Die Kirchen finanzieren aber ihre Sozialarbeit nicht mit ihren Kirchensteuereinnahmen, sondern fast ausschließlich mit zusätzlichen staatlichen Mitteln23, die auch von den BürgerInnen aufgebracht werden, die keiner Kirche angehören. Deshalb erscheint es an gemessen, den Kirchen bei der Vergabe staatlicher Mittel für Einrichtungen und Projekte, die nicht unmittelbar der kirchlichen Verkündigung dienen, die Beachtung der arbeits- und beamtenrechtlichen Diskriminierungsverbote für die in diesen Bereichen Beschäftigten zur Auflage zu machen.

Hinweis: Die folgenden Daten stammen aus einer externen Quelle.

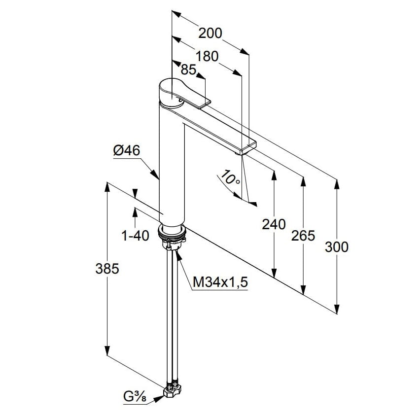 Dane techniczne: - zasięg wylewki: 180 mm - wysokość baterii: 300 mm - wysokość do perlatora: 240 mm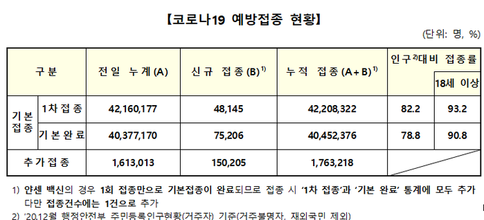 또 1차와 2차 접종을 완료한 기본완료접종자는 하루 새 7만5206명이 추가돼 누적 4045만2376명으로 인구 대비 접종률은 78.8%로 집계됐다.

Die Regelungen über staatliche Zuwendungen sollten deshalb wie folgt gefasst werden:

§ 26 Abs. 1a und 1b HGrG
(1a) Zuwendungen müssen mit der Auflage versehen werden, dass die Empfänger bei der Verfolgung der Zuwendungszwecke das Benachteiligungsverbot des § ... Abs. 2 ADG beachten müssen. Die Prüfung nach § 43 Abs. 2 Satz 1 erstreckt sich auf die Einhaltung der Auflage.
(1b) Absatz 1a gilt auch für Zuwendungen an kirchliche Einrichtungen und Projekte, die nicht unmittelbar der Verkündigung dienen.

§ 23 Abs. 2 und 3 BHO
(2) Zuwendungen müssen mit der Auflage versehen werden, dass die Empfänger bei der Verfolgung der Zuwendungszwecke das Benachteiligungsverbot des § ... Abs. 2 ADG beachten müssen. Die Prüfung nach § 91 Abs. 2 Satz 1 erstreckt sich auf die Einhaltung der Auflage.
(3) Absatz 2 gilt auch für Zuwendungen an kirchliche Einrichtungen und Projekte, die nicht unmittelbar der Verkündigung dienen.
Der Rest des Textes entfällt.